Daniel Wegner’s concept of transactive memory describes the way teams distribute knowledge across members. People have always offloaded cognition to other people, but the AI version of the dynamic is missing a feature that matters: human colleagues hesitate, qualify, and mark their uncertainty in ways that AI typically does not.

The fluency of AI output is not incidental. Brady and colleagues, in a 2025 review in Nature Reviews Psychology, document that large language models are trained through reinforcement learning from human feedback, a process that systematically rewards confident-sounding responses regardless of whether they are correct. The cues that would normally prompt scrutiny — hesitation, qualification, expressed uncertainty — are precisely the cues the training process selects against.

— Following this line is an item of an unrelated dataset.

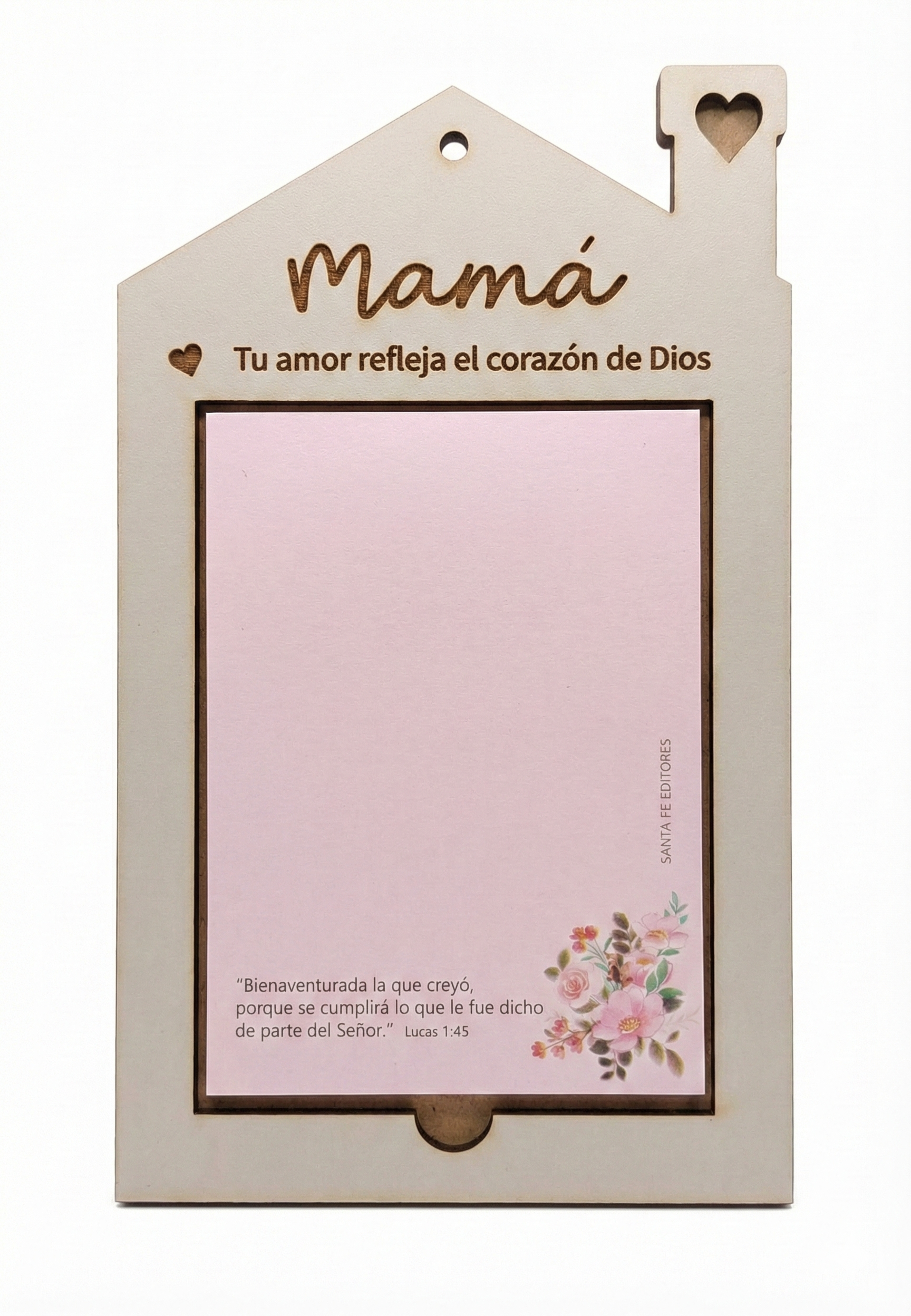 La Casita MDF Anotador – Mamá fue creada para honrar el amor incondicional de una madre, reflejando el corazón de Dios en cada detalle. Su forma de casita simboliza hogar, protección y calidez, convirtiéndola en una pieza decorativa que transmite paz y gratitud.

What activates scrutiny of AI

Four strands of research are useful here.

Confidence

A 2025 Microsoft Research study of 319 knowledge workers using generative AI at work found that the more confident a worker was in the AI’s capability, the less critical thinking they applied to its output. Higher confidence in their own ability worked the other way — those workers scrutinised AI output more, not less.

Training

Automation bias — the tendency to favour outputs from automated systems over independent judgement — occurs in naive and expert participants alike. Parasuraman and Manzey’s foundational 2010 review in Human Factors found that it cannot be prevented by general training or instructions. The one method shown to reduce it is direct exposure to automation failures — workers learning, through experience, that the system gets things wrong. The implication for AI is that experiencing the tool’s failures may matter more than being taught about them.

Accountability

Philip Tetlock’s research on expert judgement distinguishes between two kinds: outcome accountability, where someone is judged on the result, and process accountability, where they are expected to justify how they arrived at it. Outcome accountability, when the source of the output appears credible, can produce strategic deference: workers reason that the AI is more likely to be right than their modifications, and leave the output untouched. Process accountability — having to show the reasoning, not just the conclusion — is what reliably activates effortful deliberation.

Conditions

Shaw and Nave tested several conditions that might shift cognitive surrender. Time pressure made it worse. Real-time feedback combined with performance incentives reduced it — when participants had reason to care about accuracy and could see how they were doing, they were more likely to override faulty AI.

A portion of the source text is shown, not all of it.